The Milliner helped Bibwit to his feet and Taegel led them back along the corridors the way they’d come, out on to factory grounds.
“Still online,” Taegel said as they passed through an unmanned checkpoint in the first soundwave barrier along the factory’s perimeter. “Which means Arch hasn’t yet—”

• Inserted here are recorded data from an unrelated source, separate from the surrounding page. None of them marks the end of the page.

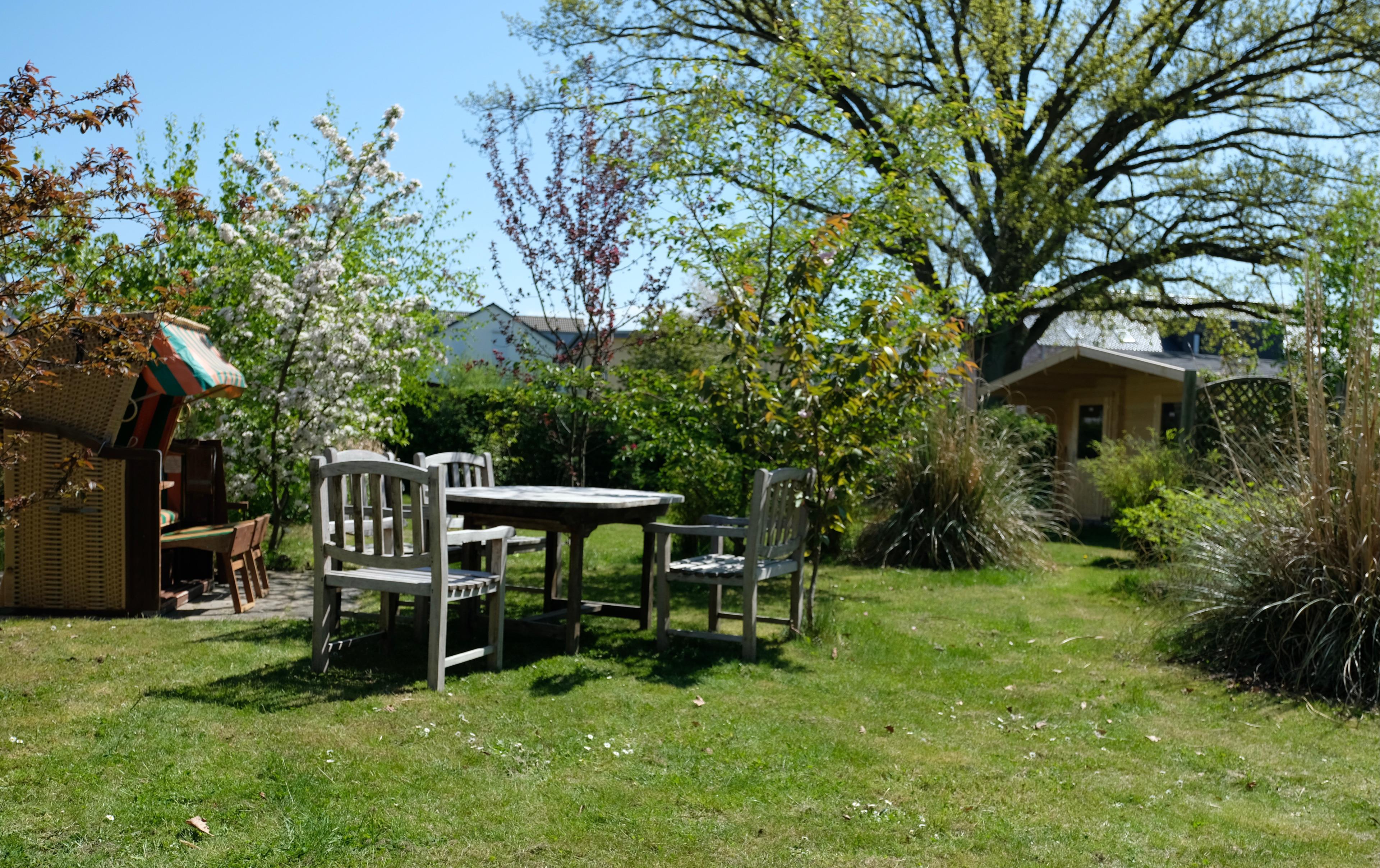Der 700 qm große eingezäunte Garten steht zur Alleinnutzung zur Verfügung. Er bietet Tische mit bequemen Gartenstühlen, Grill, Sonnenschirm, Liegen, Strandkorb und eine große Wiese.
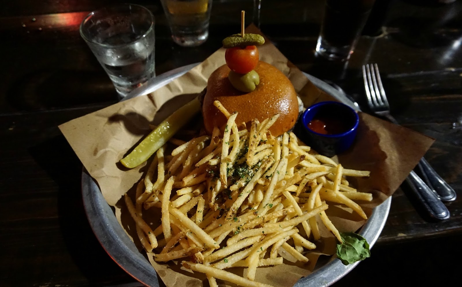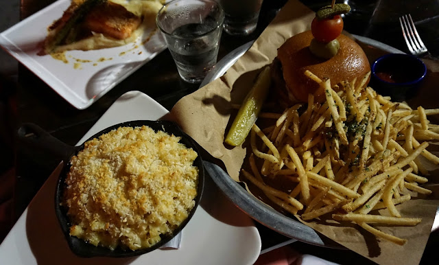 In case you are trying to figure out if I actually ordered that giant bacon cheeseburger, parmesan garlic fries, white truffle macaroni and cheese, and [a couple] cucumber infused martinis all for me the answer is obviously.
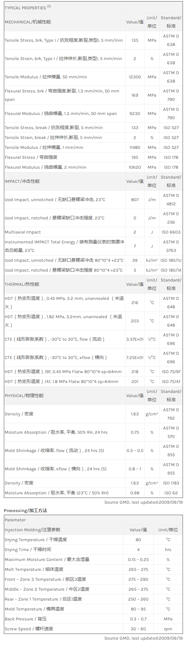 应用范围: 产品描述 LNP Thermocomp PFW64物性表 LNP THERMOCOMP PFW64是一种聚酰胺6(尼龙6)产品,含有的填充物为20%玻璃纤维增强材料和30%硅灰石 (casio3),可以通过注射成型进行加工。 LNP* Thermocomp* PFW64 is a compound based on Nylon 6 resin containing Glass Fiber
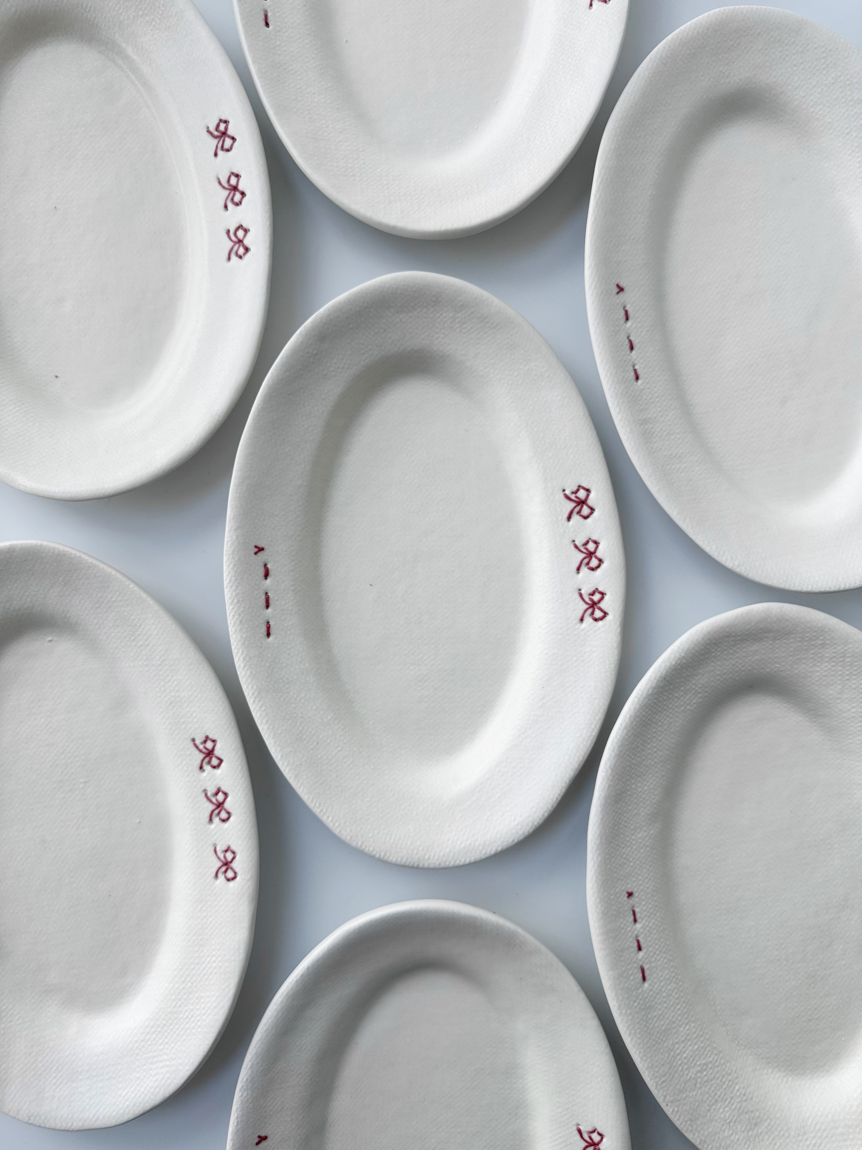 실로 꿰매듯 흙으로 하나하나 새긴 스티치와 바탕에 은은히 깃든 입체적 패턴은 단단한 재질임에도

Clickclicketyclacketyclick.
“Our end has come!” Bibwit moaned.
On the left and right of the Alyssians: too many ScorpSpitters to count. Behind and in front of them: deadly walls of internal organ-charring soundwaves. Scorpion-like contraptions, the ScorpSpitters curled their “tails” into a “C,” taking aim at the Alyssians, about to shoot bullets of deadly poison.
Fweppap! Fweppap!
Mr. Van de Skülle brandished his whip, lashing ScorpSpitter after ScorpSpitter on the left, while with one set of activated wrist-blades, Hatter deflected the poisonous gobs shot at them from the ScorpSpitters on the right.
Pzzzzzzzzzzzzztch!
Mr. Van de Skülle’s whip fell to the ground, the Dutchman himself the lone casualty of a whipsnake grenade dropped from the sky. Dodge and Taegel glanced up at the gangways above the soundwave barriers; normally patrolled by Three Cards and white pawns, the gangways were crowded with Doomsine warriors and more senior chessmen. Among the latter: the knight and rook who’d fought next to Dodge in Alyssian battles during Redd’s reign. Their weapons were trained on the intruders, but seeing the guardsman and Hatter and Bibwit, they hesitated. It was all the time Hatter needed to pull his folded top hat blades from his coat pocket and send them coptering into the enemy.
The rook and knight jumped clear, but the Doomsines, even as they gunned razor-cards and crystal shot at the trapped Alyssians, succumbed to the whirling blades.
The weapon boomeranged back to Hatter. Which was when Taegel saw a cannonball spider rocketing toward them from somewhere beyond the litter of ScorpSpitters, its legs unfolding midair, its pincers opening and closing. He barely got the shardstorm off in time. The cannonball spider slammed into the cyclone of wulfenite scraps and emerged with limbs severed at the joints, body dented and misshapen. It crashed to the ground and rolled to a stop at his feet.